Retalhos Como Francisco e Clara de Assis, a Fraternidade a todos saúda em Paz e Bem!Retalhos

23 de maio de 2020

SOLENIDADE DA ASCENSÃO DO SENHOR


… Ide a todo o mundo e proclamai …’ (Mc 16,15). 
A liturgia da solenidade da Ascensão encerra em si um conjunto de verdades e de ensinamentos que merecem ser considerados e assumidos por nós como princípios fundamentais e estruturantes da nossa vida. Balançando entre este dilema de ficar a ‘olhar os céus’ ou de viver apenas cabisbaixos, amarrados à terra e vergados ao peso da nossa contingência, este domingo é, no contexto em que vivemos, um apelo à esperança e ao infinito, um infinito que não é uma alienação no tempo e da história, mas sim um convite ao testemunho e à transformação do mundo ao qual o Senhor nos envia. Tal como tinha dito aos discípulos ‘um pouco mais e já não Me vereis, e outro pouco mais e voltareis a ver-Me’, estamos de novo a ver o Senhor e a liturgia ajudar-nos-á a sentir e a partilhar este ‘VER’ em comunhão e com redobrada esperança. 

 Não é fácil, teologicamente falando, enquadrar esta festa da Ascensão do Senhor, uma vez que a sua verdadeira elevação à glória do Pai é a ressurreição, o mistério pascal na sua plenitude. É particularmente através da tradição de Lucas (Evangelho e Actos) que esta festa da Ascensão se enquadra no mistério da salvação como preparação para a sua etapa final: o Pentecostes, o tempo do Espírito e da Igreja. Isto tem certamente uma fundamentação veterotestamentária, constituindo como que um paralelo do que sucede com as tradições do Êxodo, com o dom da Lei, no Monte Sinai. Esta festa era para o judaísmo do período intertestamentário, muito marcado pelas tradições normativas da Torah, a ocasião dos Judeus celebrarem o início da sua identidade religiosa, também ela devedora dos preceitos da Lei que assim definiam e demarcavam o judaísmo das demais religiões dos povos circunvizinhos.  

Muitas vezes, tomando os ecos desta celebração e o texto de Atos (1,11), os cristãos foram acusados de passar demasiado tempo a ‘olhar o céu’, deixando de se comprometerem com a terra e os problemas que envolvem a existência humana. Ora, creio que nada mais errado do que pensar assim. O mandato conferido por Jesus aos seus discípulos é exatamente o contrário.
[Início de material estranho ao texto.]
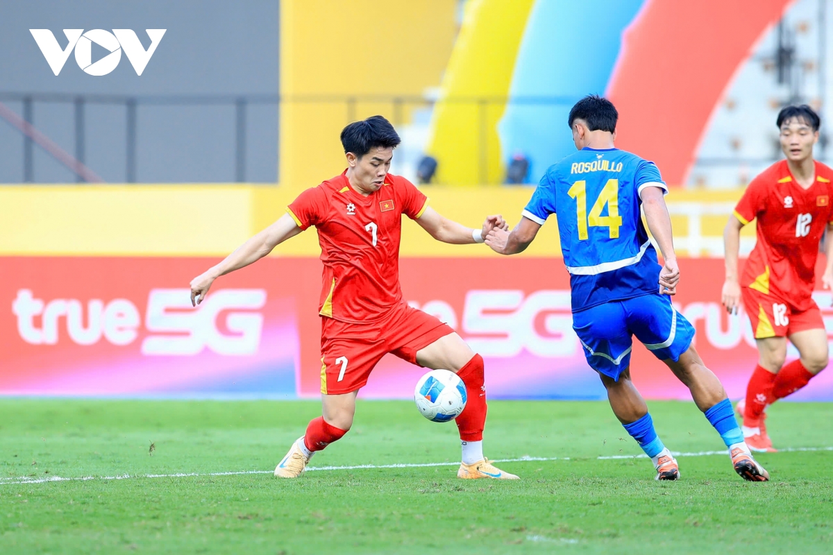 U22 Việt Nam giành chiến thắng thuyết phục 2-0 trước U22 Philippines ở trận bán kết môn bóng đá nam SEA Games 33, qua đó hiên ngang tiến vào chung kết sau một trận đấu đầy kiên nhẫn và bản lĩnh. Ngay sau tiếng còi khai cuộc, U22 Việt Nam chủ động đẩy cao đội hình, kiểm soát thế trận và liên tục tổ chức các pha tấn công biên.
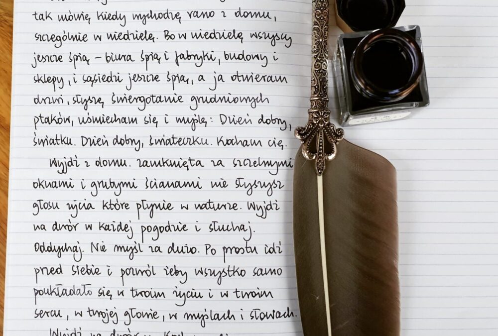 Wyjdź z domu. Zamknięta za szczelnymi oknami i grubymi ścianami nie słyszysz głosu życia, które płynie w naturze. Wyjdź na dwór w każdej pogodzie i słuchaj. Oddychaj. Nie myśl za dużo. Po prostu idź przed siebie i pozwól, żeby wszystko samo poukładało się w twoim życiu i w twoim sercu, w twojej głowie, w myślach i słowach.
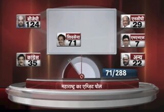 288 सदस्यीय विधानसभा में बीजेपी सबसे बड़ी पार्टी बनकर उभर रही है, लेकिन उसे स्पष्ट बहुमत मिलता नजर नहीं आ रहा है. इंडिया टुडे ग्रुप और सिसेरो के एग्जिट पोल के मुताबिक, बीजेपी को 124, शिवसेना को 71, कांग्रेस को 35 और एनसीपी को 29 सीटें मिलने का अनुमान है. एग्जिट पोल में बीजेपी को 27 फीसदी, शिवसेना को 21 फीसदी और कांग्रेस को 16 फीसदी वोट मिलने के आसार हैं.

Tal como podemos ver no texto do Evangelho de hoje, o Senhor enviou os discípulos a comprometerem-se com a vida do homem, seja em que lugar for, numa abrangência universal que abarca todas as dimensões da vida. Por isso, os cristãos estão lá, no mundo concreto, onde a dor se torna mais dor, de modo que esta não nos seja indiferente; onde a pessoa não pode ser um objeto negociável, para que os seus direitos sejam tidos e olhados como um bem que deve ser defendido e promovido; lá, onde a vida é desprezada e tantas vezes maltratada, para que lhe sejam prestadas todas as garantias que salvaguardam a sua dignidade; lá, onde a sociedade se constrói nas suas mais diversificadas componentes, culturais, cívicas e religiosas, já que só a garantia da dignidade do Homem na sua totalidade pode ser transformadora do mundo.  

 De facto, o compromisso com o Homem não nos deve nem pode levar a esquecer o céu, pois isso não significa, como a história bem o comprova, a construção de uma sociedade mais justa e mais fraterna ou a uma maior responsabilidade na construção da ‘cidade terrena’. Por isso, o domingo da Ascensão é também o domingo da esperança, de uma esperança que tem por limites o Infinito de Deus e que tem por objetivo imediato a salvação do Homem. É esse o mandato que o Senhor entrega aos seus discípulos, mesmo que a sua linguagem, conforme o Evangelho de hoje, se situe num outro espaço cultural que não o nosso. Todavia, o imperativo é o mesmo e por isso, ontem como hoje, devemos resistir à tentação de resvalar para o outro extremo e ficar na situação de tantos homens de boa-vontade: ‘Que fazeis vós aqui na terra sem nunca ousardes olhar o céu’? Olhar hoje o céu é comprometer-se e acreditar que é possível transformar a terra e fazer dela um pouco do espaço do céu, desse céu onde a esperança e a fraternidade são capazes de se transformar num serviço ao Homem, mormente neste tempo de crise e de ansiedade. Nós queremos ousar sempre olhar o céu para que a terra seja cada vez mais um lugar onde mora o amor de Deus.